Illustration: Dominic Xavier/Rediff.com

Earnings of BSE Sensex companies will contract by up to 8 per cent in 2020-21 on the broader economic worries, and hopes of gains in equities should be pinned on a decrease in infections or a fiscal stimulus, an analyst said on Tuesday.

Majority of the countries world over like Singapore and the US have given large fiscal stimulus packages which India is yet to announce, Bank of America Securities' India equity strategist Amish Shah said.

 

The GDP growth in India is set to contract by up to 5 per cent in FY2021, according to various analysts and the RBI has also acknowledged that the economy will be shrinking this year.

However, experts also feel that the equity markets do not reflect the real economic challenges.

"We are expecting a 7-8 per cent contraction in companies this fiscal and it will go up to 17 per cent in FY22," Shah told reporters.

Markets need a trigger and a growth in earnings is unlikely to be it.

They will look for how the COVID-19 infection curve goes, and if it goes down, and also a fiscal package which can generate demand, he said.

In a scenario where neither of it happens, that is, the infections continue to rise or a stimulus package does not come, investors will keep betting on the defensive sectors like information technology, pharma, fast-moving consumer goods and even telecom, Shah said.

At present, Indian indices are under-performing as compared to others and a package from the government can help cover the ground, he said.

It can be noted that the government has announced a nearly Rs 21 lakh crore relief package for the country to help minimise the impact on the economy which many analysts say will not result in fiscal spend of over 2 per cent of the GDP.

Shah said life will not be as normal as it used to be and there will be structural changes as a result of the pandemic from the medium to long term perspective.

The changes may include a second wave of consolidation where entrenched companies across sectors expand their market shares as it happened in the aftermath of demonetisamaytion and GST introduction (the first wave) and also disintermediation of the supply chains where online mediums become more successful largely at the cost of the wholesalers or middlemen.

It will also lead more sovereign wealth funds investing into Indian assets because of the relatively higher yields over a longer period of times that they offer and also formalisation of jobs which can eventually lead to more targeted interventions by the government.

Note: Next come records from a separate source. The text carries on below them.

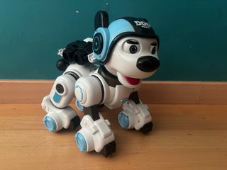 Descripción en las fotos, precio original 60€, utilizado 1 vez, se lo trajeron en navidad y no le han hecho ni caso, solo 5 minutos al sacarlo de la caja. Lo dejo con pilas en el mando y bateria cargada. Solo le falta la caja. Divertido perro robot con temática de policía. - Diseño futurista en blanco y azul. - Detalles de policía en el casco y cuerpo. - Aspecto de robot articulado.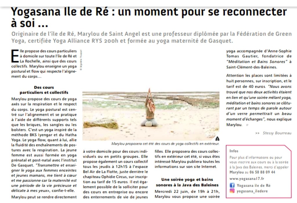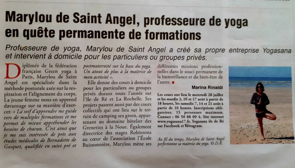 Vous êtes journaliste ? Si vous souhaitez en savoir plus, vous pouvez m’écrire par mail : yogasana17@gmail.com ou me téléphoner au 06 50 88 09 44 . Un grand merci!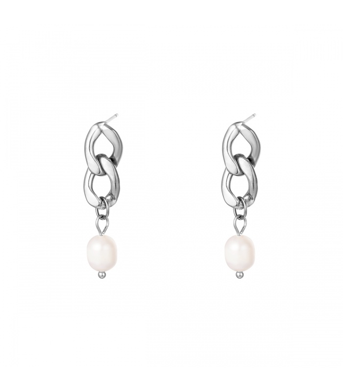 Zilverkleurige ketting oorbellen met zoetwaterparel.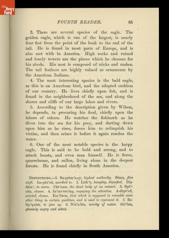 Textbook, "McGuffey's Fourth Eclectic Reader," Revised Edition 1879, Published 1920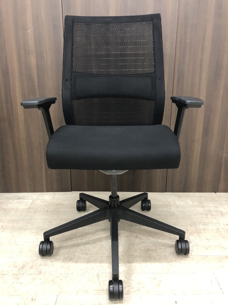 【長時間座る人のための椅子!】■スチールケース製 シンクチェア(Think) 可動肘付 ブラック 3Dニット ランバートサポート付- 川崎店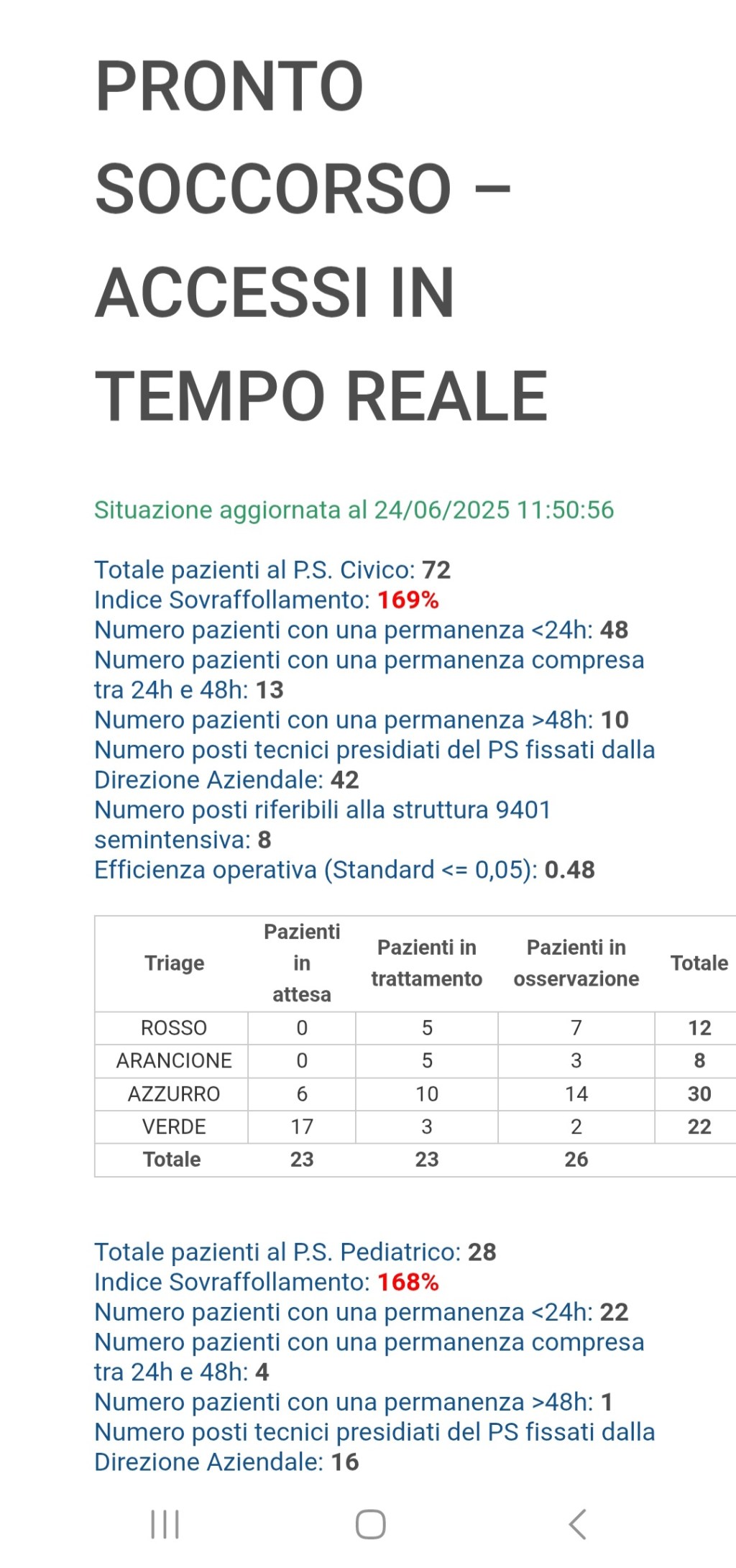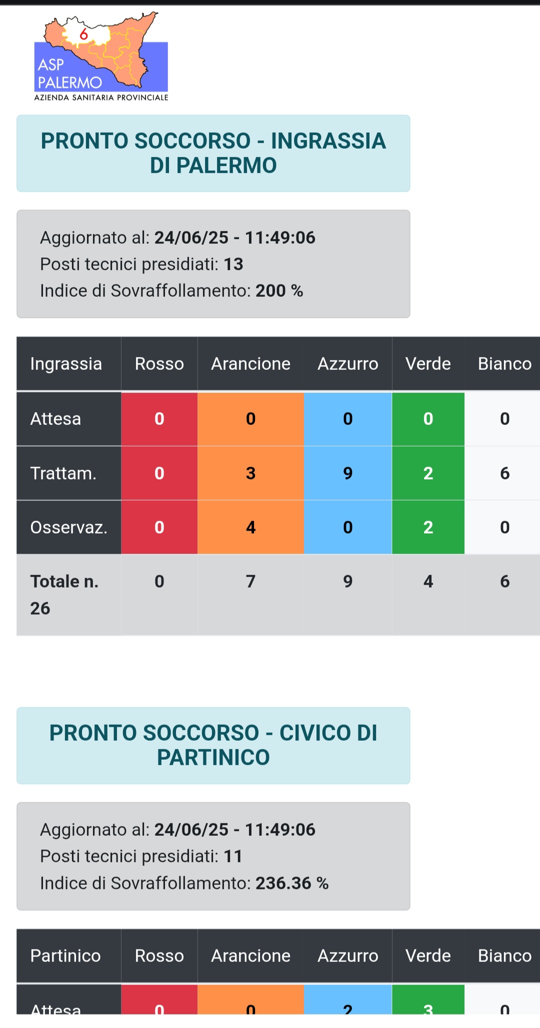 Buongiorno, questa è la situazione oggi di alcuni dei pronto soccorso di Palermo.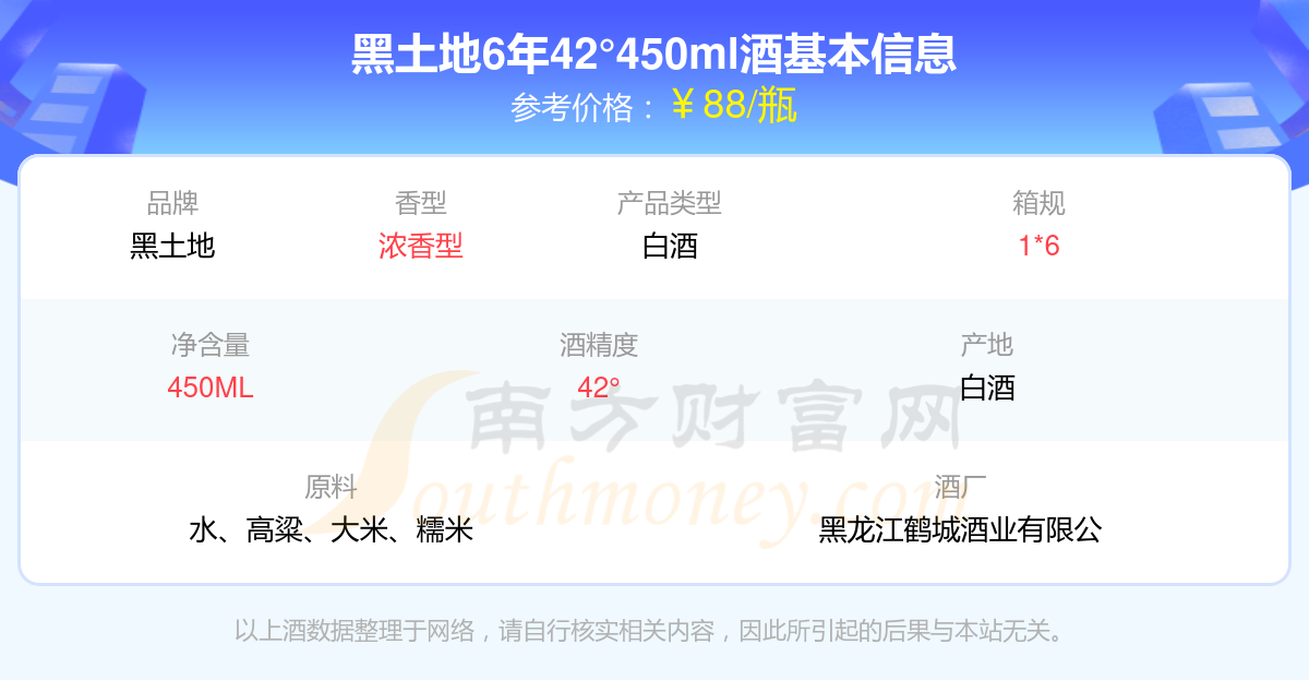 黑土地6年42°450ml基本信息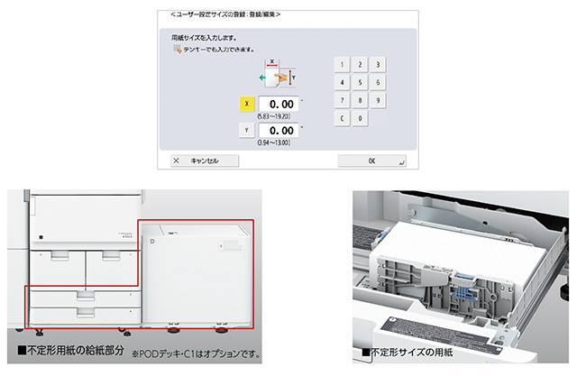 不定形用紙のカセット給紙にも対応

The government is trying to initiate reforms on the basic factors of production including land and labour, he said, crediting it for being "creative" with the former, wherein it has adopted strategies beyond repealing or replacement of the land acquisition laws to be more effective, like giving land available with state-run enterprises like BHEL.

There is also a likelihood that India will increase its "oversight" on citizens in the future which will create opportunities for private businesses engaged in the sector, he said, adding that mass deployment of controversial surveillance systems in countries such as China has helped it in dealing with COVID crisis better.